EXERCISE INSTRUCTIONS:
In the answer, each line from the top of the material through the line that contains "شکل ۲. فرایند اجرای پژوهش" is restated exactly. No picture is given again.

[PROVIDED RECORDS]

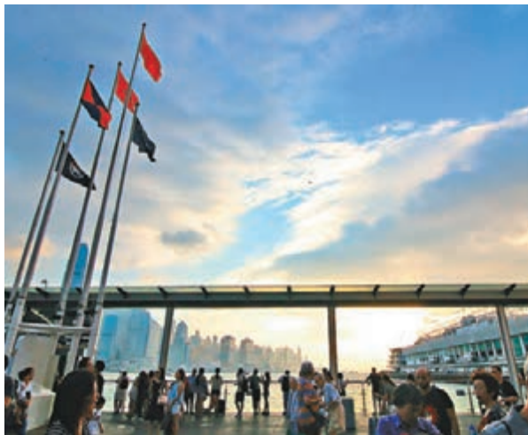
三號強風信號昨晚8時40分發出,尖沙咀五支旗已被吹起,今日風勢會逐漸增強。

香港民政事務總署昨晚表示,因應天文台已發出3號熱帶氣旋警告信號,該署已設立一條24小時緊急事故熱線2835-1473供市民查詢有關消息。
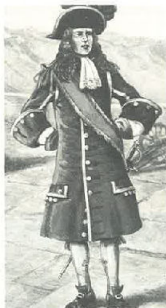
Fascia azzurra nel 1678.
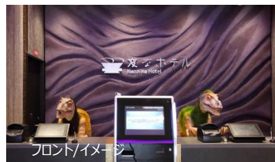
フロント/イメージ

詳細は公式ホームページをご参照ください。 https://www.hennnahotel.com/kyoto-hachijoguchi/
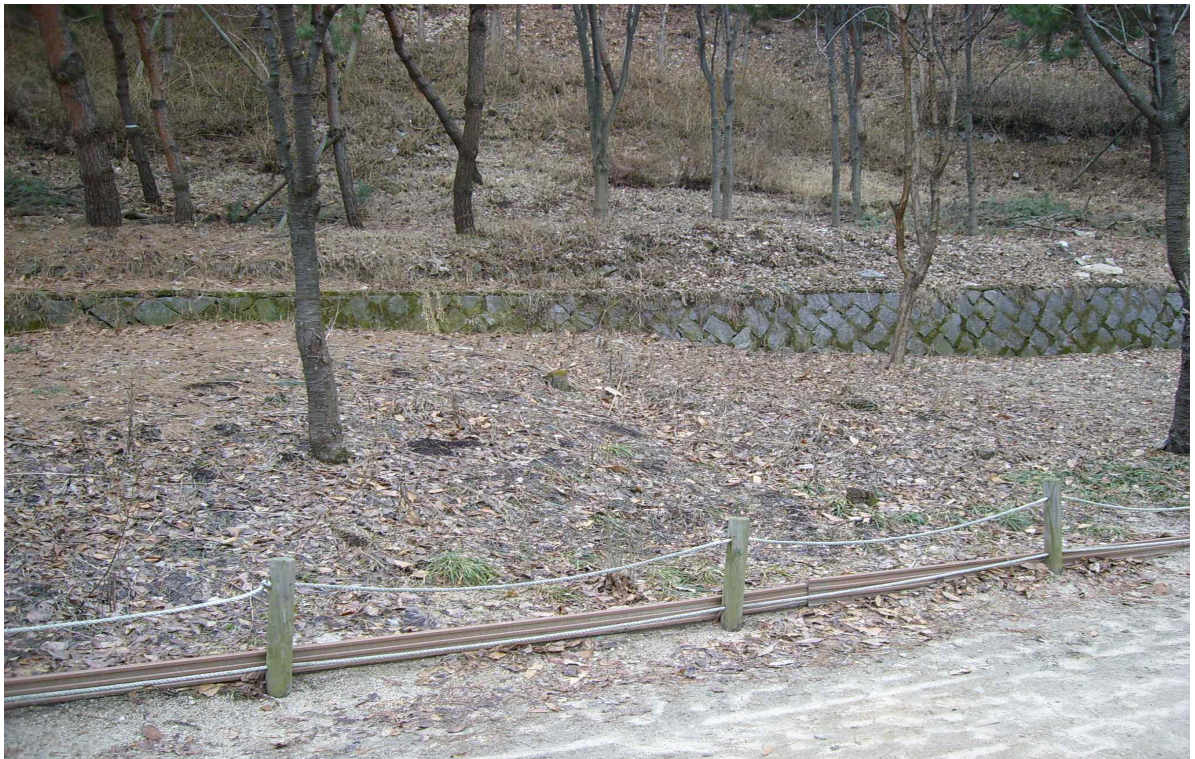
화장실 설치 예정지
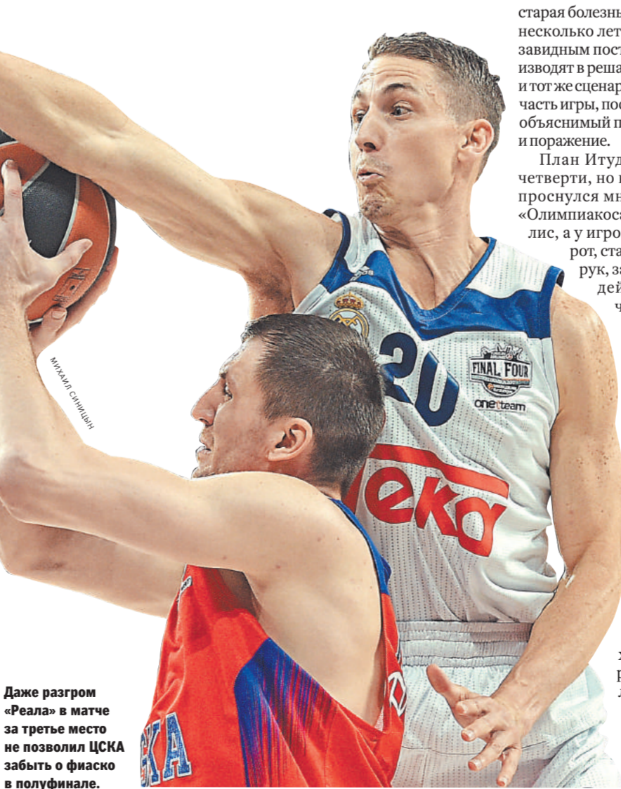
Даже разгром «Реала» не позволил ЦСКА забить о финале в полуфинале.

В полуфинале, который ЦСКА проиграл греческому «Олимпиакосу» (78:82), напомнила о себе
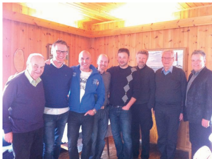
Alle pastor-kameratene samlet.
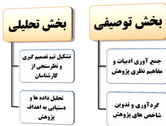
شکل ۲. فرایند اجرای پژوهش

در نهایت برای تحلیل داده‌های پژوهش متناسب با اهداف تعیین شده یعنی ارزیابی میزان اولویت پیشران‌ها و شاخص‌های پایداری گردشگری شهری در شهر اهواز از رهیافت شبکه عصبی پرسپترون چندلایه و ارزیابی میزان تأثیر پیشران‌ها و شاخص‌های پایداری در فرایند پایداری گردشگری شهری در شهر اهواز از مدل‌های رگرسیونی خطی، لگاریتمی و لجستیک استفاده گردید.
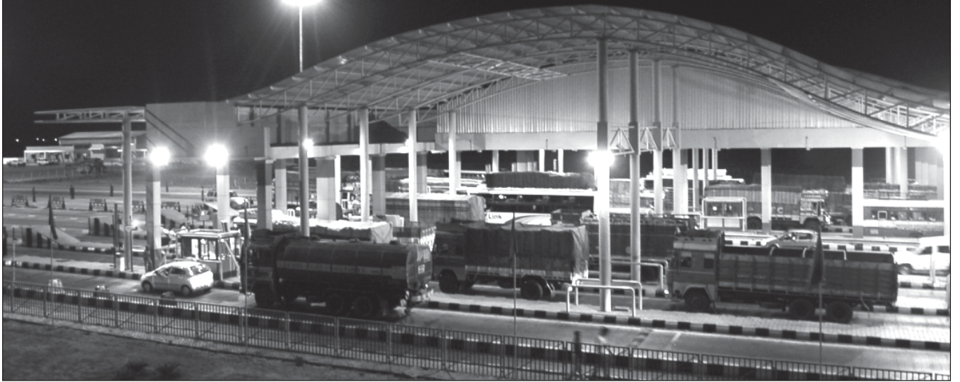
टोल प्लाजा - धूले पिम्पलगांव परियोजना

आपकी कंपनी ने अपनी वर्तमान शेयरधारिता का वचन दिया है। आईएसटीपीएल द्वारा प्रमुख ऋणदाता बैंक, भारतीय स्टेट बैंक सहित 8 बैंकों से लिए गए 4500 मिलियन रुपए के ऋण अवधि के संबंध में इरकॉन ने आईएसटीपीएल में अपनी शेयरधारिता का वचन प्रस्तुत किया है।
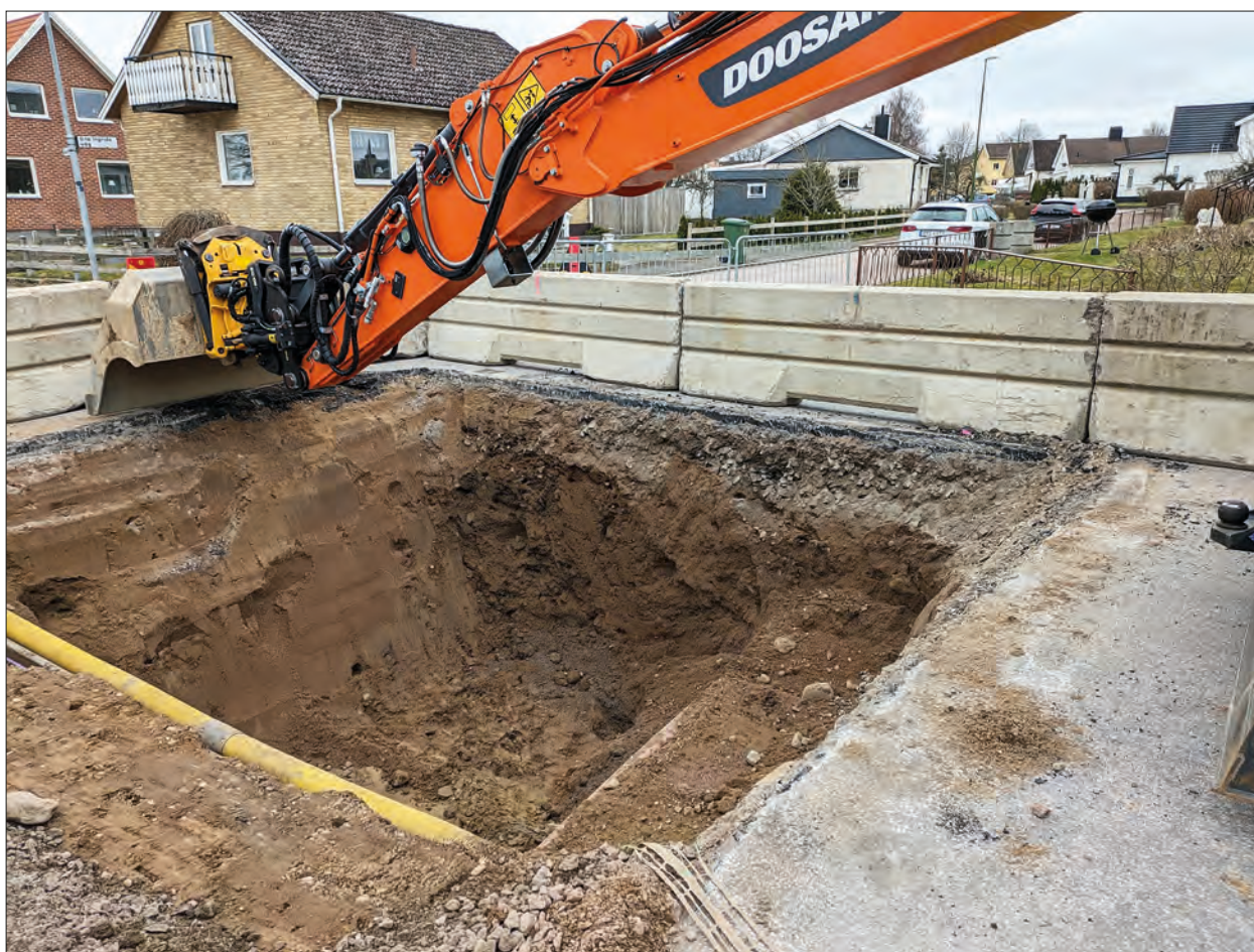
Figur 4. Schaktet sett från norr med Sankta Ingrid's väg i bakgrunden till höger i bild.

Tillsammans med tidigare utförda undersökningar visar resultatet på den omfattande graden av sentida urschaktning i Nunnestigen. Dock har det i samband med några undersökningar (t ex Magnusson 2008) framkommit lämningar även i gatumark i Nunnestigen.
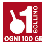
SENFTER SPECK MONTAGNA
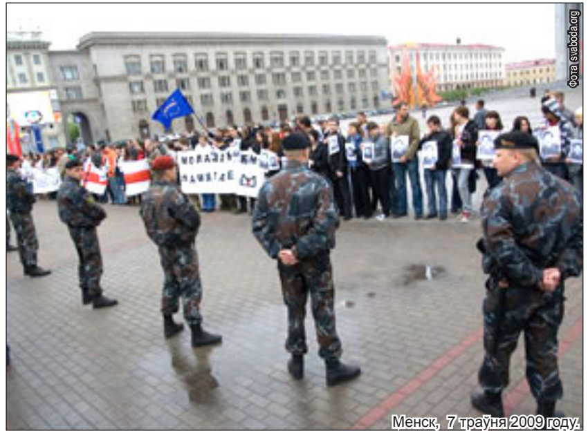
Менск, 7 траўня 2009 году.

Насупраць іх, таксама ланцугом, сталі байцы міліцэйскага спецназу. Яны не давалі ўдзельнікам акцыі набліжацца да прыдарожнай часткі. Паводле ўдакладненых зьвестак, у Менску затрыманая каля 30 уд-
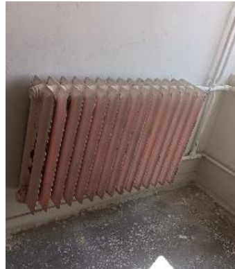
Isıtma sistemi (Sık sık arızalanıyor)
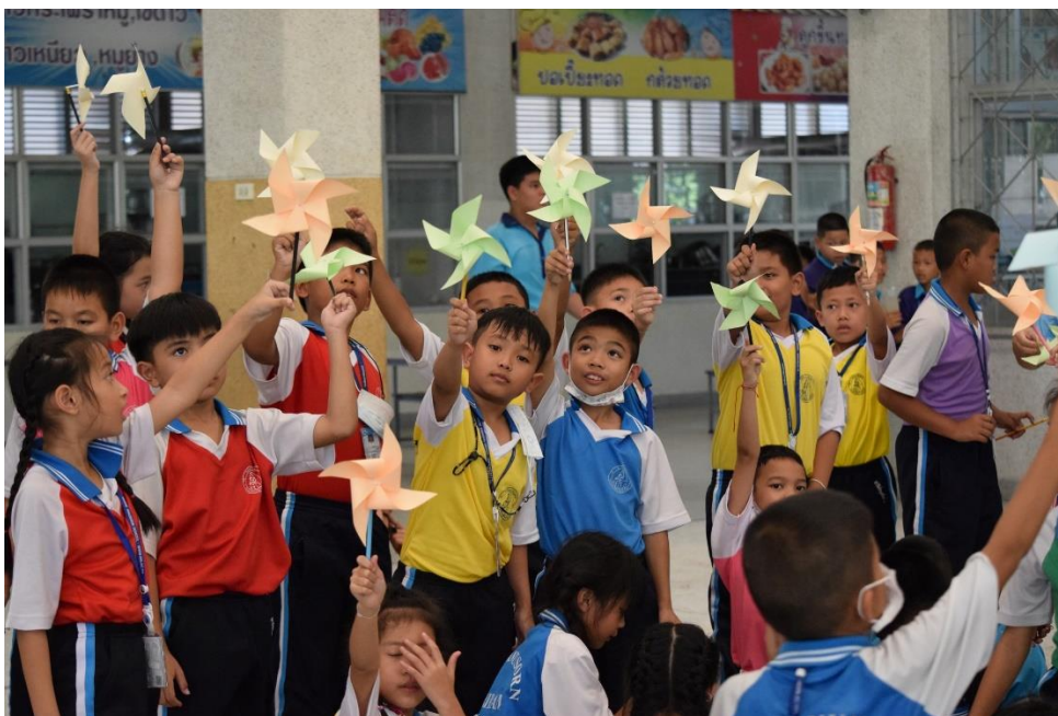
นักเรียนร่วมฐานกิจกรรมสัปดาห์วันวิทยาศาสตร์ อย่างมีความสุข

[/PROVIDED RECORDS]

SOLUTION TO THIS TASK:
三號強風信號昨晚8時40分發出,尖沙咀五支旗已被吹起,今日風勢會逐漸增強。

香港民政事務總署昨晚表示,因應天文台已發出3號熱帶氣旋警告信號,該署已設立一條24小時緊急事故熱線2835-1473供市民查詢有關消息。
Fascia azzurra nel 1678.
フロント/イメージ

詳細は公式ホームページをご参照ください。 https://www.hennnahotel.com/kyoto-hachijoguchi/
화장실 설치 예정지
Даже разгром «Реала» не позволил ЦСКА забить о финале в полуфинале.

В полуфинале, который ЦСКА проиграл греческому «Олимпиакосу» (78:82), напомнила о себе
Alle pastor-kameratene samlet.
شکل ۲. فرایند اجرای پژوهش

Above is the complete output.